The Massachusetts Medievalist couldn't put down Kazuo Ishiguro's Klara and the Sun, which appeared in March 2021 but had escaped my notice and my library holds list until now. Like any good dystopian fiction, this novel presents us with a world eerily similar to ours, and it's not too difficult to see how a few more advances in artificial intelligence and hypercompetitive parenting would produce a world like Klara's.
Klara's full name is Girl AF Klara, and she's an Artificial Friend, a constructed human-like machine whose literary lineage includes the Creature in Shelley's Frankenstein and Tik-Tok in Baum's Oz books. Klara is programmed to be a friend/caretaker for a young teenager, and Ishiguro neatly sidesteps the reader's question of why an AF might be necessary or desirable, leaving us to puzzle out the answer to that question through Klara's first-person narrative.
Because I'm a year late to this party, a lot of reviewers have already commented on the horrifically familiar socioeconomics of Klara's society, where wealthy parents pay to have their children "lifted" - which means that they are genetically enhanced after birth to be academically hyper-achieving. The process of "lifting" -- like Frankenstein's scientific process, never fully described -- entails potentially serious health risks, but when successful it guarantees entrance to a high-status university and subsequent financial security. Lifted children have AFs as part of a status display of both wealth and intelligence, perhaps somewhat analogous to the high-priced college admissions "coaches" currently hired by affluent families to shepherd their high schooler's applications to super-selective universities.
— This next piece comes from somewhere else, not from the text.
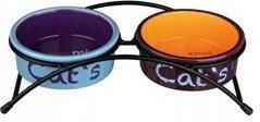 Trixie Zestaw misek ceramicznych 2x03l Witaj w świecie stylowych akcesoriów dla kotów! Kiedy mówimy o codziennej opiece nad naszymi futrzanymi przyjaciółmi, nie możemy zapomnieć o znaczeniu odpowiednich akcesoriów, które nie tylko ułatwiają karmienie i zapewniają komfort, ale także wkomponowują się w wystrój naszego wnętrza. Zestaw misek ceramicznych Trixie to doskonały przykład elegancji i funkcjonalności w jednym. Typ akcesorium Zestaw ceramicznych misek Trixie składa się z dwóch misek, które idealnie nadają się do podawania zarówno wody, jak i karmy dla kotów. Dzięki odpowiednio dobranej głębokości, ceramiczne miski Trixie zapewniają komfort podczas jedzenia oraz picia, co z pewnością wpłynie na samopoczucie Twojego pupila. Tego rodzaju akcesoria są niezbędne w każdej domowej kociej przestrzeni, pozwalając na wygodne i estetyczne zaspokajanie potrzeb żywieniowych. Zastosowanie Miski ceramiczne Trixie zostały zaprojektowane z myślą o codziennym użytkowaniu przez koty. Możesz je używać zarówno do suchej, jak i mokrej karmy, a także do podawania świeżej wody. Wysoka jakość materiałów oraz ich przemyślana konstrukcja sprawiają, że są to akcesoria, które ułatwiają życie zarówno właścicielom, jak i ich pupilom. Stojak, na którym umieszczone są miski, gwarantuje stabilność i uniemożliwia ich przesuwanie podczas jedzenia, co znacząco podnosi komfort użytkowania. Materiał wykonania Trixie miski zostały wykonane z mocnej i grubej ceramiki, co czyni je odpornymi na uderzenia oraz uszkodzenia. Ceramika jest materiałem, który nie tylko wygląda elegancko, ale także jest łatwy w utrzymaniu czystości. Dodatkowo, miski w kolorze niebieskim wprowadzą do wnętrza nutę świeżości. Metalowy stojak, malowany proszkowo, podkreśla nowoczesny design zestawu. Rozmiar i pojemność Każda z misek ma pojemność 300 ml, co sprawia, że są one odpowiednie dla kotów o różnych potrzebach żywieniowych. Średnica miski wynosi 12 cm, a wysokość stojaka to 8 cm, co zapewnia komfortową pozycję podczas jedzenia, minimalizując obciążenie stawów szyi i kręgosłupa. Warto jednak pamiętać, że zestaw misek jest przeznaczony dla kotów o standardowych rozmiarach, co może być istotne dla niektórych użytkowników. Funkcje dodatkowe Zestaw misek Trixie oferuje wiele praktycznych rozwiązań, które zwiększają jego użyteczność. Poniżej przedstawiamy najważniejsze z nich: Zestaw misek wyposażony jest w funkcje, które przyczyniają się do wygodniejszego korzystania z akcesoriów: antypoślizgowe nóżki: Dzięki specjalnie wyprofilowanym nóżkom z nakładkami antypoślizgowymi, miski pozostają stabilne, co znacznie poprawia komfort jedzenia. elegancki design: Niebiesko-fioletowe i fioletowo-pomarańczowe miski z napisami nadają zestawowi modny i elegancki wygląd, który doskonale wpasuje się w wystrój każdego wnętrza. łatwość czyszczenia: Ceramiczne miski można bezpiecznie myć w zmywarce, co znacząco upraszcza proces ich utrzymania w czystości. odpowiednie dla kotów: Ten zestaw misek jest idealny dla kotów o standardowych rozmiarach, zapewniając im komfort podczas posiłków. Zestaw misek ceramicznych Trixie to praktyczne akcesorium, które łączy w sobie funkcjonalność z estetyką. Dzięki swoim cechom, idealnie wpisuje się w potrzeby każdego kota oraz jego właścicieli, zapewniając im komfort i wygodę podczas codziennego karmienia.

Klara is indeed a good AF to Josie, the human girl who chooses Klara in the AF store. We discover Klara's interior life only through her narrative and descriptions, since none of the characters is interested in Klara as an individual and she rarely, if ever, speaks about herself to them. Through Klara's thoughts about the sun, Ishiguro reveals a flaw in the programmers who designed Klara -- she seems to know nothing about religion, and yet she believes in the power of the Sun, referring to the Sun as if he (she uses the masculine, singular pronoun) is a God. Klara is solar-powered, so it makes oddly logical sense that she would think of the Sun as an omnipotent deity without any pre-programmed information to tell her otherwise.
Klara constantly informs us of the Sun's presence and activities; for example, when Josie hosts a party (hauntingly termed an "interaction meeting"), Klara thinks to herself that, "The Sun, noticing there were so many children in the one place, was pouring in his nourishment through the wide windows" (71). Klara hopes that the Sun will help Josie, who is seriously ill from the after-effects of the lifting. Standing in a barn, Klara watches the sun set, telling us that, "I gathered my thoughts and began to speak. I didn't actually say the words out loud, for I knew the Sun had no need of words as such. But I wished to be as clear as possible, so I formed the words, or something close to them, quickly and quietly in my mind" (162). Like any supplicant pilgrim looking for divine assistance, Klara’s prayer offers the Sun a deal, as she thinks that "I could do something special to please you…If I could achieve such a thing, then would you consider, in return, showing special kindness to Josie?" (164).
By not programming any awareness of religious belief into Klara's hardware and software, her Creators then did not prevent her from developing her own religion. As in many cultures throughout human history, Klara believes that the Sun is a powerful deity that controls both human and non-human affairs. She watches the sun's movements carefully and attributes cause-and-effect relationships between the sun's appearance and other events. (No spoilers, so no more detail on that thought!)
Readers of this blog who have read Frankenstein with me in a class at Lesley know that "Is the Creature human?" is one of my favorite discussion questions. Klara in many ways is not as human-like as Shelley's Creature: she is made of inorganic materials, she knew how to speak and communicate when she was "born"/ booted up, she does not eat or drink or sleep or smell. But she seems to me very Human in that she has created a system of religious beliefs about a divine, all-powerful figure who controls an otherwise frightfully random world. As usual, it's the robot, the droid, the AF, who reveals the most about humanity.
Great little fable although not his best. Klara is perhaps the only truly caring creature in the book.